The Selling Stockholders also may lend or pledge shares of our Common Stock to a broker-dealer. The broker-dealer may sell the shares of Common Stock so lent, or upon a default the broker-dealer may sell the pledged shares of Common Stock pursuant to this prospectus. Any securities covered by this prospectus which qualify for sale pursuant to Rule 144 may be sold under Rule 144 rather than pursuant to this prospectus.
The Selling Stockholders have advised us that they have not entered into any agreements, understandings or arrangements with any underwriters or broker-dealers regarding the sale of their securities. There is no underwriter or coordinating broker acting in connection with the proposed sale of shares of Common Stock the Selling Stockholders.
Although the shares of Common Stock covered by this prospectus are not currently being underwritten, the Selling Stockholders or their underwriters, brokers, dealers or other agents or other intermediaries, if any, that may participate with the selling security holders in any offering or distribution of Common Stock may be deemed “underwriters” within the meaning of the Securities Act and any profits realized or commissions received by them may be deemed underwriting compensation thereunder.
Under applicable rules and regulations under the Exchange Act, any person engaged in a distribution of shares of the Common Stock offered hereby may not simultaneously engage in market making activities with respect to the Common Stock for a period of up to five days preceding such distribution. The Selling Stockholders will be subject to the applicable provisions of the Exchange Act and the rules and regulations promulgated thereunder, including without limitation Regulation M, which provisions may limit the timing of purchases and sales by the Selling Stockholders.
In order to comply with certain state securities or blue sky laws and regulations, if applicable, the Common Stock offered hereby will be sold in such jurisdictions only through registered or licensed brokers or dealers.

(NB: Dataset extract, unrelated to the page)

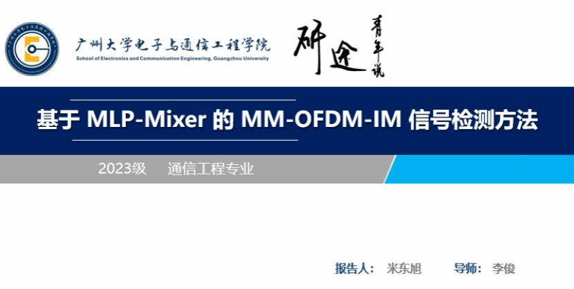 米东旭同学汇报的主题是基于 MLP-Mixer的 MM-OFDM-IM 信号检测方法,他的讲解主要包含以下4个部分:研究背景与挑战、所提方法与框架、实验结果与结论、论文总结。 围绕 MM-OFDM-IM 系统信号检测展开,核心是提出 MLP-Mixer 检测器解决性能与复杂度矛盾。背景中,MM-OFDM-IM 虽高频谱效率,但传统 ML 检测复杂、LLR 依赖信噪比,现有 DL 检测器泛化弱且难抓全局特征。

In certain states, the Common Stock may not be sold unless they are registered or qualified for sale in such state, or unless an exemption from registration or qualification is available and is obtained.
We will bear all costs, expenses and fees in connection with the registration of the Common Stock offered hereby. However, the Selling Stockholders will bear any brokerage or underwriting commissions and similar selling expenses, if any, attributable to the sale of the shares of Common Stock offered pursuant to this prospectus. We have agreed to indemnify the Selling Stockholders against certain liabilities, including liabilities under the Securities Act, or to contribute to payments to which any of those security holders may be required to make in respect thereof.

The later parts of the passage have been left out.